To ensure prompt importation of the foreign equity components,
the NiPC may grant Business Permit but defer approvals for
Expatriate Quota and Pioneer Status and other applicable
investment investment incentives, until evidence of capital
importation is produced.
2. After obtaining Certificate of Capital Importation from the bank,
the NIPC is to be notified of this fact with the supporting
documentation, in order for it to resume processing of pending
approvals that might have been deferred on such ground.
3. As soon as expatriate Quota position are granted and the
respective individuals to fill the quota positions are recruited,
the company must embark on steps to obtain work permit and
residency status for the expatriate employees and their
accompanying spouses and children (if any).
5.2. The Difference Between BUSINESS PERMIT and EXPATRIATE QUOTA
Business permit, as the name connotes, is the permanent
authorization for the local operation of businesses with foreign
investments either as branch/subsidiary of a foreign company or
otherwise.
Expatriate Quota is the official permit to a company, conveying
permission for the Company to employ individual expatriates to
specifically approved job designations, and also specifying the
permissible duration of such employment. The Expatriate Quota
form the basis of work permits for expatriate individuals employed
(whose qualifications must fulfill the criteria established for the
particular quota position). Expatriate Quota positions are usually
granted for 2-3 years subject to renewal, EXCEPT in cases where
companies qualify for and are granted not more than one(1) "PUR"
Quota (i.e. Permanent Until Reviewed) position.
5.3. The Current Regulation on The Appointment of Foreign Directors
The promoters of business ventures in Nigeria are free to appoint
directors of their choice, either foreign or Nigerian, and the directors
may be resident or non-resident. The application to the NIPC must
reflect the names of the proposed Nigerian and foreign directors
(with an indication of resident and non-resident directors). The
Business Permit Certificate consequently issued following such
application usually reflects the respective names of the proprietors
of the Company, as well as the directors representing each
proprietor or coproprietor.
Payments of foreign director's fees, are remittable in the same
manner as dividends accruing to the foreign company.
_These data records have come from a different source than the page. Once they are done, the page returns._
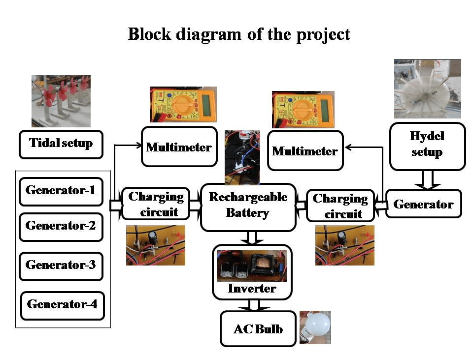 The project makes a use of generators which converts mechanical energy into electrical energy. hydel, tidal and solar energy is obtained stored into the battery through charging circuits. We can measure the generated voltage in a multilmeters.
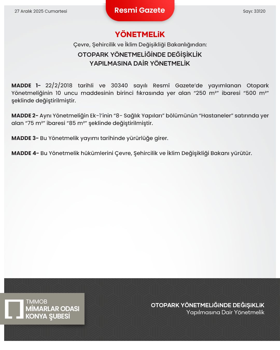 Otopark Yönetmeliğinde Değişiklik Yapılmasına Dair Yönetmelik
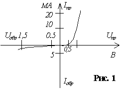 В технике сверхвысоких частот (для работы в сантиметровом и миллиметровом диапазонах волн) применяются особые германиевые и кремневые сверхвысокочастотные диоды (СВЧ диоды). По своему назначению СВЧ диоды делятся на видео детекторные, предназна-чены для детектирования СВЧ колебаний, переключательные, пред-назначенные для применения в устройствах управления уровнем СВЧ мощности, параметрические, предназначенные для примене-ния в параметрических усилителях СВЧ колебаний, и преобразова-тельные. В свою очередь, преобразовательные диоды, в которых ис-пользуется нелинейность вольтамперной характеристики перехода, делят на смесительные, используемые для преобразования СВЧ сигнала и сигнала гетеродина в сигнал промежуточной частоты, ум-ножительные, используемые для умножения частоты СВЧ сигнала, и модуляторные, используемые для модулирования амплитуды СВЧ сигнала. В СВЧ диодах обычно используется точечный контакт. Переход в таких диодах не формуется. Выпрямляющий контакт осуществля-ется простым прижимом к полированной поверхности полупровод-ника острия металлического контактной пружины. Эти диоды изго-товляются из очень низкоомного материала (время жизни носителей заряда мало) и имеют весьма малый радиус точечного контакта (2-3 мкм), что обеспечивает хорошие высокочастотные свойства. Однако напряжение пробоя СВЧ диодов очень низкое (всего 3-5 В), а пря-мое напряжение относительно высокое. Обратный ток у них хотя и мал, но начинает возрастать практически с нуля за счет туннельного эффекта носителей через переход (рис.1).
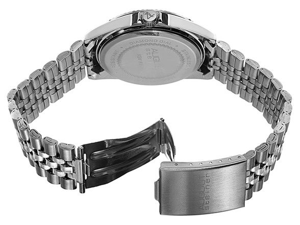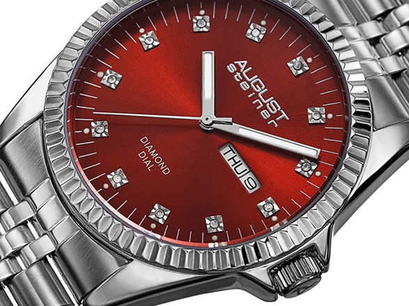 August Steiner presents this chic timepiece which features twelve sparkling genuine diamond markers. The stainless steel bracelet and Japanese quartz movement create a sturdy and reliable watch. The long hands enhance the classy and beautiful design.

However,
since such fees are taxed at source (i.e. 5 as a withholding tax)
each foreign director's fees are remittable subject to satisfactory
evidence that the taxable amounts on such fees have been paid.
5.4. Pioneer Status (i.e. Tax Holiday) Advantages to a Company
The Industrial Development (Income Tax relief) Act, Cap. 179 Laws
of Nigeria, 1990, declares a number of industries as pioneer
industries. Thus, any company whose products fall within the
categorised industries could be conferred with Pioneer Status.
This designation is not necessarily a reflection that a company was
pioneer per se in the industry, as several companies within the
same pioneer industry classification could qualify for Pioneer Status.
Where the activities of a company includes the production of pioneer
and non-pioneer products, the tax relief available on conferment of
Pioneer Status would be restricted to income derived from pioneer
products only. Under the current industrial policy, conferment of
Pioneer Status accords a company relief from income tax liability
for a period of up to 5 years (i.e. tax-holiday status).
Finally, it should be noted that even if a company's activities and/or
products are classified within pioneer industries, the grant of Pioneer
Status is not automatic. The criteria for granting Pioneer Status
are related and/or based on the following considerations;-
(i) the amount of underlying capital investment in a company (N5
million and above), must be verifiable by physical inspection
and supported by a report of the Industrial Inspectorate Division
of the Federal Ministry of Industries before a Pioneer Certificate
is granted.
(ii) the socio-economic advantages of a company's activities to
the Nigerian economy as set out in its Feasibility Study is also
an important consideration.
Without prejudice to these conditions, NIPC is empowered to confer
Pioneer Status and other investment incentives, in any other
deserving circumstance as the Council of NIPC may approve.